= Camping (game) =

Football game played in England

Camping, also known as campyon, campan, or campball, was a football game played in England. It appears to have been popular in Norfolk and other parts of East Anglia. Of all the traditional forms of football played in Europe, it appears to have been one of the toughest and most dangerous, which probably explains why it died out during the early 19th century.

The first English-Latin dictionary, Promptorium parvulorum (circa 1440), offers this definition of camp ball: "Campan, or playar at foott balle, pediluson; campyon, or champion"

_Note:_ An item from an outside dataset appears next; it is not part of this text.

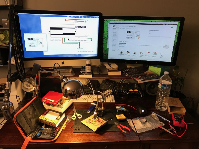 Le son est puissant et chaud : incroyable cet Alumitone Deathbucker ! Un peu moins en position single et pas si clair que ça, mais la guitare n'est pas réglée et il faut que le teste dans de meilleures conditions pour me faire un avis de toute façon.

The game was originally played in the middle of town, where the objective was to take the ball to the opposing side of town. It was later played in the country, often in a special field set aside for the purpose known as a camping-place, camping close, or camping pightle. A reminder of this old game can be found in Swaffham, where behind the market place lies the Camping land, where the game was played. The custom in medieval times was to play games after church services, and often camping fields were sited near the church.

Although this game was rough, it was not without rules. In fact, evidence from Moore (1823) indicates teams, goals, rules, and even ball passing existed between team members (a development often attributed to a much later time):

Each party has two goals, 10 or 15 yards apart. The parties, 10 or 15 on a side, stand in line, facing each other at about 10 yards’ distance midway between their goals and that of their adversaries. An indifferent spectator throws up a ball the size of a cricket ball midway between the confronted players and makes his escape. The rush is to catch the falling ball. He who first can catch or seize it speeds home, making his way through his opponents and aided by his own sidesmen. If caught and held or rather in danger of being held, for if caught with the ball in possession he loses a snotch, he throws the ball [he must in no case give it] to some less beleaguered friend more free and more in breath than himself, who if it be not arrested in its course or be jostled away by the eager and watchful adversaries, catches it; and he in like manner hastens homeward, in like manner pursued, annoyed, and aided, winning the notch or snotch if he contrive to carry or throw it within the goals. At a loss and gain of a snotch, a recommencement takes place. When the game is decided by snotches seven or nine are the game, and these if the parties be well matched take two or three hours to win. Sometimes a large football was used; the game was then called “kicking camp”; and if played with the shoes on “savage camp.”

If the game described by Moore in 1823 was substantially the same as medieval "camping", then despite the Promptorium's notable definition of it as a form of "foott balle," the game apparently involved no kicking and was rather reminiscent of the passing game in rugby.

A match at Diss Common in the early 19th century reportedly was so brutal that nine men were killed or died of their injuries. While some people thought that camping was a combination of all athletic excellence, others saw it as little more than a stand-up fight. The contest for the ball "never ends without black eyes and bloody noses, broken heads or shins, and some serious mischief," a writer said in 1830, when camping popularity was at its height.

A modified game called "civil play" banned boxing as a component of the game. The game was played by passing the ball from hand to hand. To score, a player had to carry the ball through his own goal. Matches were usually for the best of seven or nine goals or "snotches", which normally took two to three hours, but a game of 14 hours had been recorded in a county match.

A feature of so-called friendly matches were prizes for those who played well. These consisted of money, hats, gloves, or shoes. Incidents of violence seem in the end to have turned public opinion against camping, and it was gradually replaced by a gentler kicking game. This game had roused great scorn amongst camping enthusiasts when it first began to make its influence felt in the 1830s.